Сергей Довлатов - Соло на ундервуде. Соло на IBM
Было это еще в Союзе. Еду я в электричке. Билет купить не успел.
Заходит контролер:
— Ваш билет? Документы?!
Документов у меня при себе не оказалось.
— Идемте в пикет, — говорит контролер, — для установления личности.
Я говорю:
— Зачем же в пикет?! Я и так сообщу вам фамилию, место работы, адрес.
— Так я вам и поверил!
— Зачем же, — говорю, — мне врать? Я — Альтшуллер Лазарь Самуилович. Работаю в Ленкниготорге, Садовая, шесть. Живу на улице Марата, четырнадцать, квартира девять.
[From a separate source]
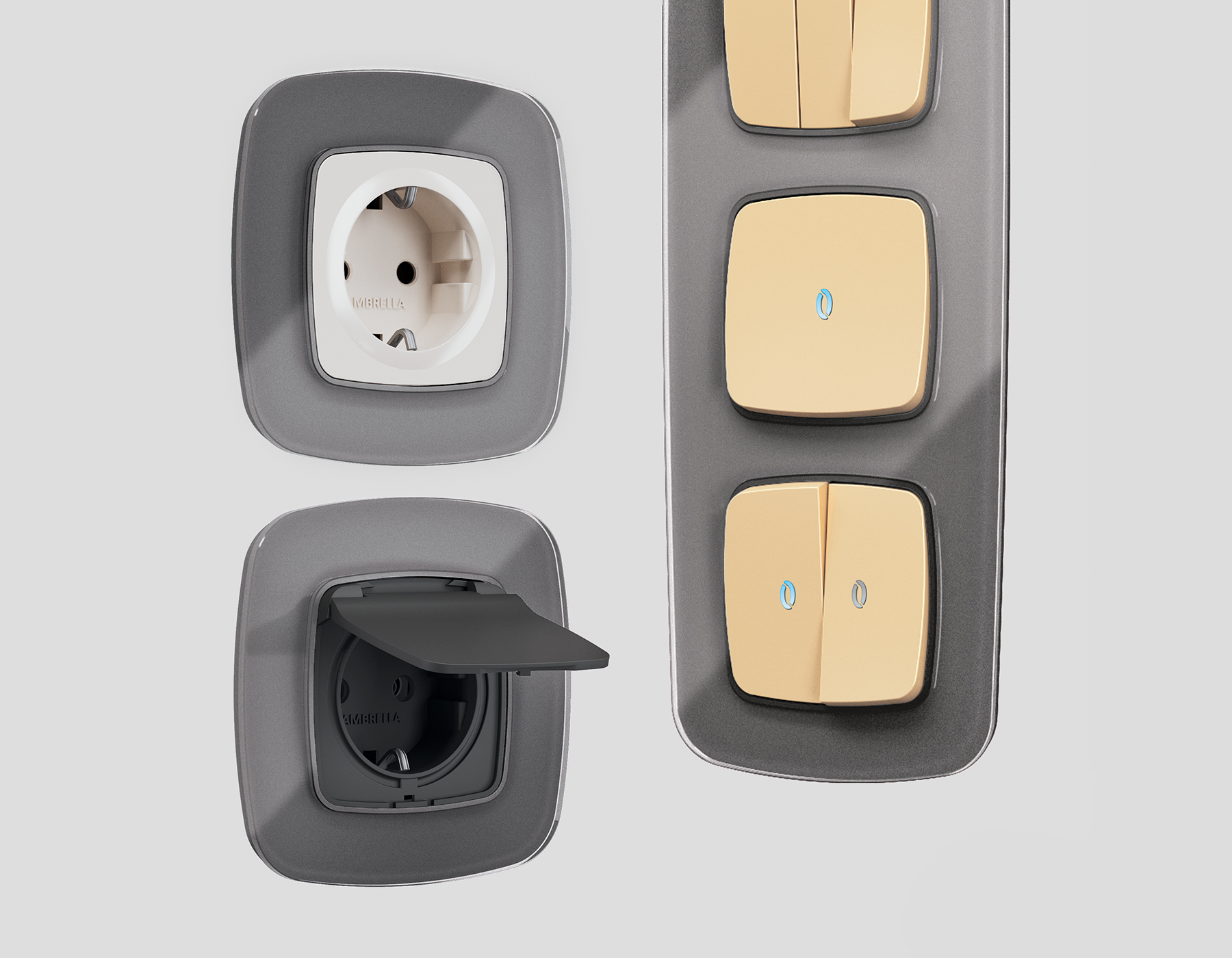 Многогранный ассортимент Ambrella Volt включает в себя механизмы, лицевые панели и рамки, а также комплекты, доступные в различных цветовых решениях. Продукция представлена в модульном исполнении, что позволяет гибко настраивать внешнийвид и функциональность. Вам будет легко заменить лицевую панель, рамку или механизм, найдя идеальное сочетание цветов.

Все это было чистейшей ложью. Но контролер сразу же мне поверил. И расчет мой был абсолютно прост. Я заранее вычислил реакцию контролера на мои слова.
Он явно подумал:
«Что угодно может выдумать человек. Но добровольно стать Альтшуллером — уж извините! Этого не может быть! Значит, этот тип сказал правду».
И меня благополучно отпустили.
Каково было в раю до Христа?
Семья — это если по звуку угадываешь, кто именно моется в душе.
Возраст у меня такой, что, покупая обувь, я каждый раз задумываюсь: «Не в этих ли штиблетах меня будут хоронить?»
Любить кого-то сильнее, чем его любит Бог. Это и есть сентиментальность. Кажется, об этом писал Сэлинджер.
Желание командовать в посторонней для себя области есть тирания.
Вышел из печати том статей Наврозова. Открываю первую страницу: «Пердисловие».
Реклама:
«Если это отсутствует у нас, Значит, этого нет в природе!»
«Если это отсутствует у нас, Значит, вам это не требуется!»
И наконец:
«Если это отсутствует у нас, Значит, вам пора менять очки!»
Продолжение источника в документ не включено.